Economic Forecast for 2016

It's no surprise investors are feeling a little shaky.

"You've got the Chinese stock market which is doing what it did four or five months ago. It’s taking a dive as some investors there are trying to recuperate some of their investment. As a result, the Chinese government has suspended trading which gets everybody nervous," said John Connaughton, Economics Professor at UNC Charlotte.

Not only that, but Connaughton says the Middle East and North Korea are adding fuel to the fire.

“There are increased tensions between Iran and Saudi Arabia. There have been fires at each other's embassies and they've broken off diplomatic relations. More recently, the North Koreans have been testing a hydrogen bomb.”

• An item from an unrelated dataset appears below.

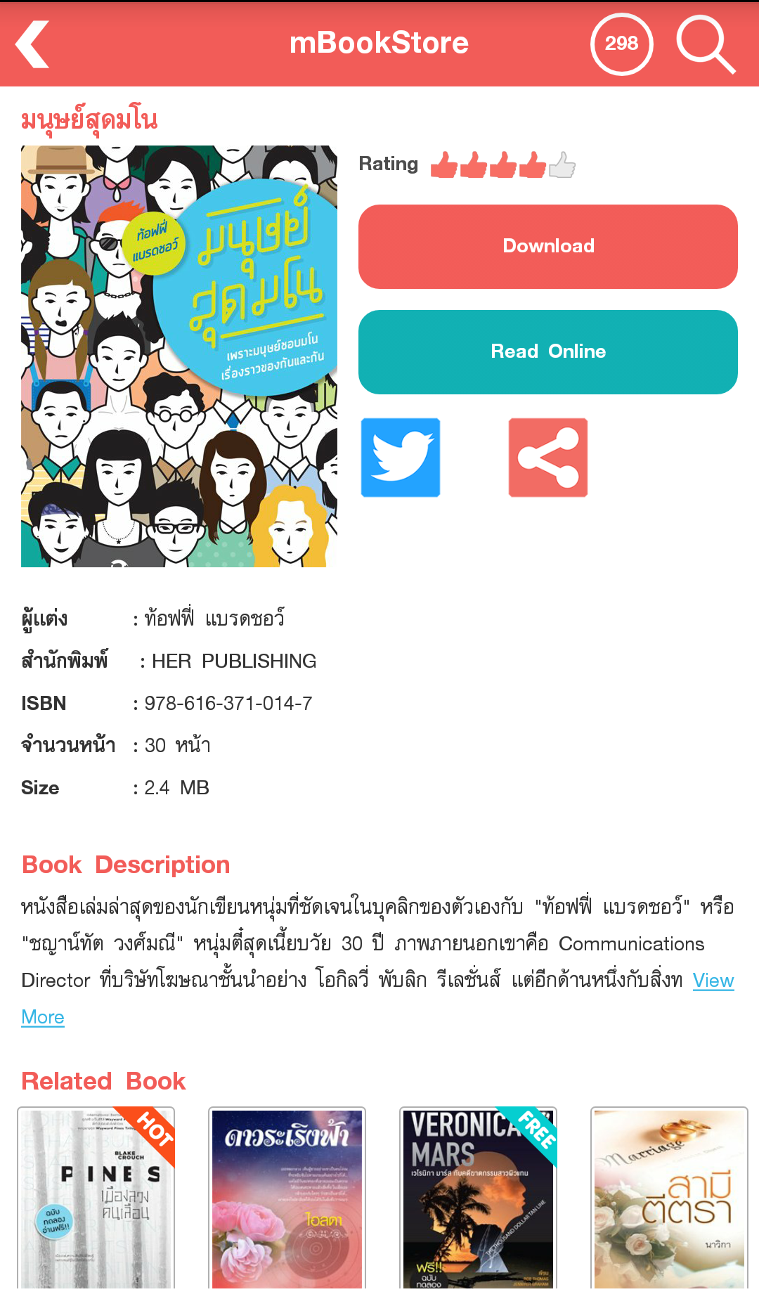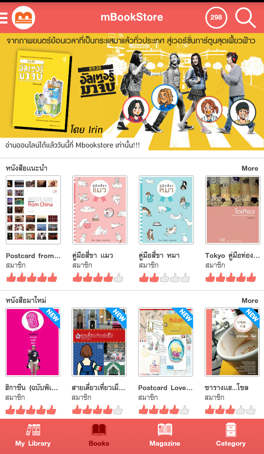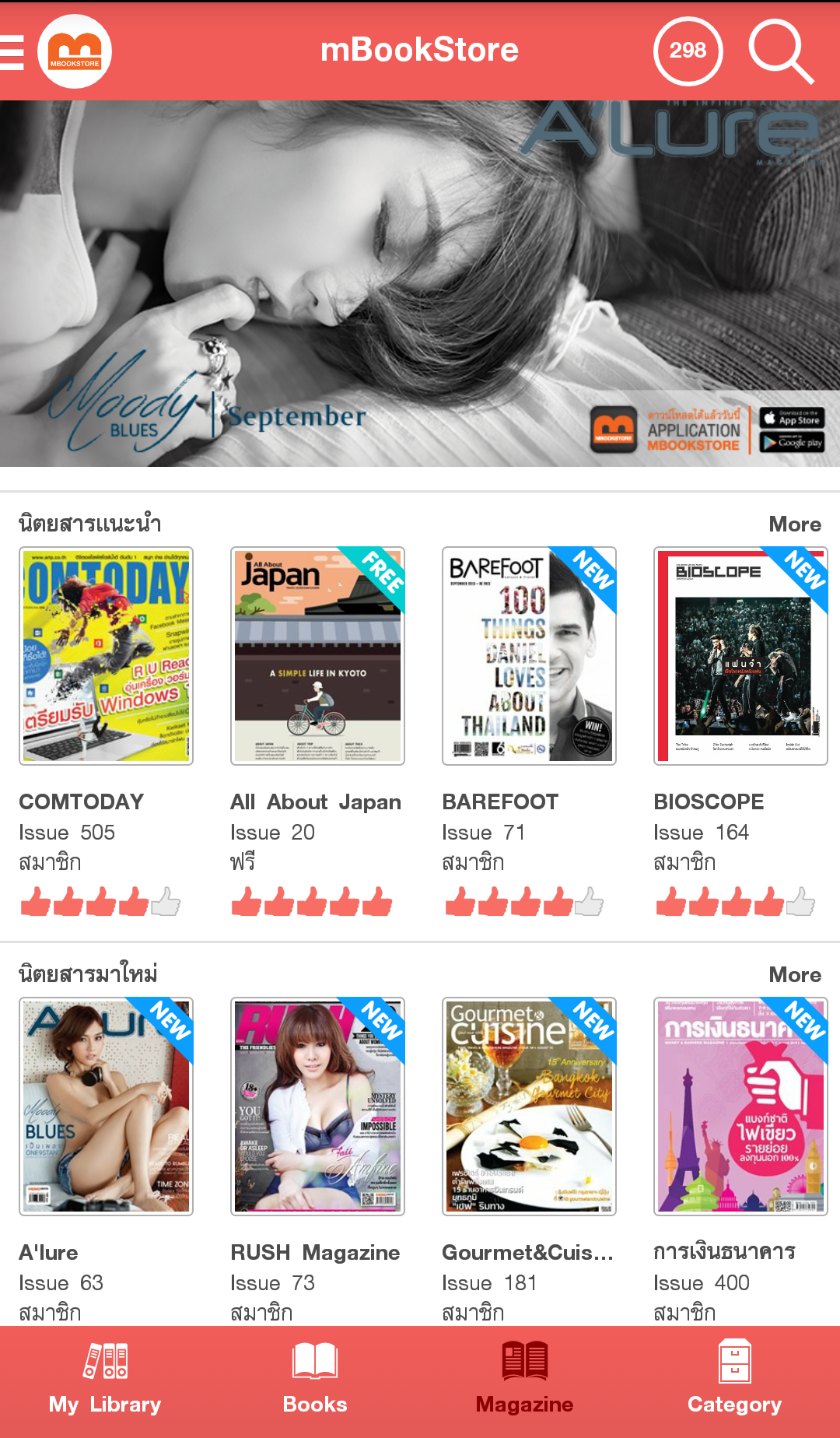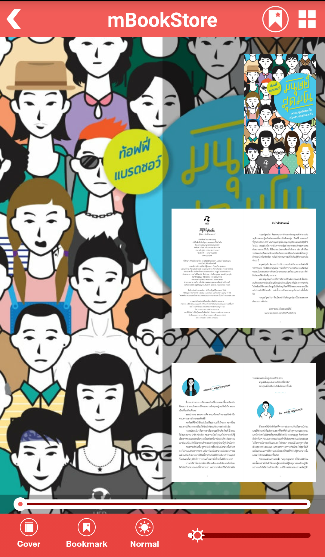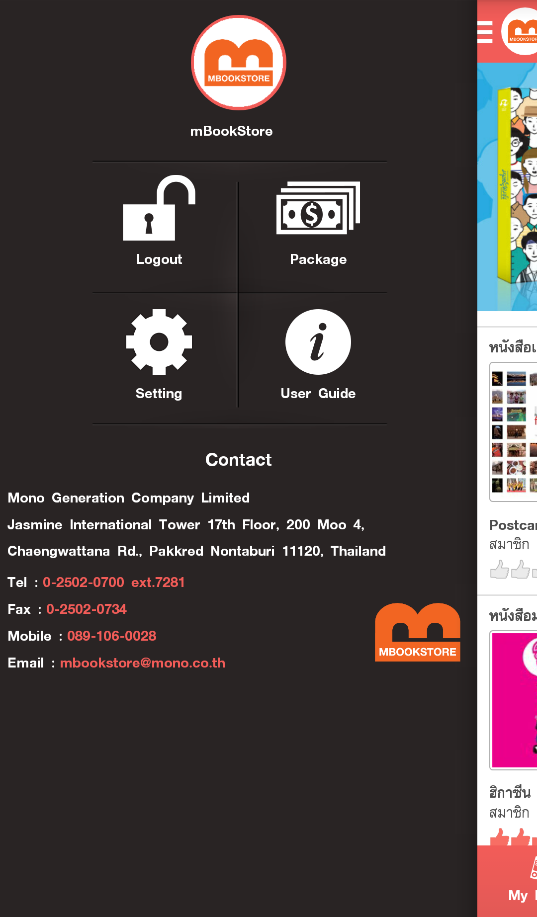mBookStore คืออะไร เราตั้งใจมุ่งมั่นให้ mBookStore เป็นแหล่งรวบรวมหนังสือหลากแบบ หลายสไตล์ เพื่อสนับสนุนให้เกิดชุมชนรักการอ่าน เป็นคลังหนังสือออนไลน์ อ่านได้ทุกที่ทุกเวลา และเพื่อเพิ่มอรรถรสในการอ่านหนังสือออนไลน์ กับ mbookstore.com ด้วยราคาเบาๆ เริ่มต้นที่ 6 บาท ต่อ วัน หรือ 199 บาท ต่อเดือน มีระบบสมาชิกเพื่อรองรับการอ่านแบบ Exclusive ได้แบบไม่จำกัด ซึ่ง Account เดียว สามารถอ่านได้จากทั้งทาง เว็บ www.mbookstore.com และ Andriod Application , iOS Application (mBookStore) mBookStore มีนิตยสารชั้นนำ ให้อ่านชนแผง เช่น เที่ยวรอบโลก, BAREFOOT, @Kitchen. Gourmet&Cuisine, Gossip Star, A’lure, Digital Age, Bioscope, Formular, Life and Home, การเงินการธนาคาร, T3 GADGET Magazine, ComToDay, a day BULLETIN, a day BULLETIN LIFE, All about Japan, Hoon Inside, Campus Star, Look Around, Snap [keywords] "mbook" "book" "books" "bookstore" "ebook" "book online" "online book" "onlinebook" "magazine" "free copy" "read" "free" "หนังสือ" "อ่านหนังสือ" "นิตยสาร" "บุ๊ค" "อ่านหนังสือออนไลน์" "หนังสือออนไลน์"

But Connaughton says investor instability doesn't have a huge impact unless you sell when stocks are low. And that’s big no-no in economics.

"You've lost a significant percentage of the value of your assets if you had stocks or if a portion of your 401K was invested in stocks. You never lost anything you actually had. You only lose if you sell at the low point."

Here at home in the Charlotte area, we're seeing hundreds of layoffs.

This Friday, nearly one thousand people are being let go in Rowan County at Daimler Trucks of America.

Starting in February, D.A.L Global Services - a company that hires contractors at the airport -  will be letting just over 50 people go.

Widening the lens a bit, Macy's announced its cutting close to 5-thousand positions.

And Target says it will close 13 stores by the end of January.

Ok, let's take a breath. What do all these layoffs mean for the U.S. economy?

"When you look at hiring versus firing, the mismatch is really more hiring than firing. The proof of that is when the Friday jobs number comes out. It's all the new hires minus all the fires. That's going to be 200-thousand positions higher in December than in November."

A little bit of good news to temper our economic outlook for 2016.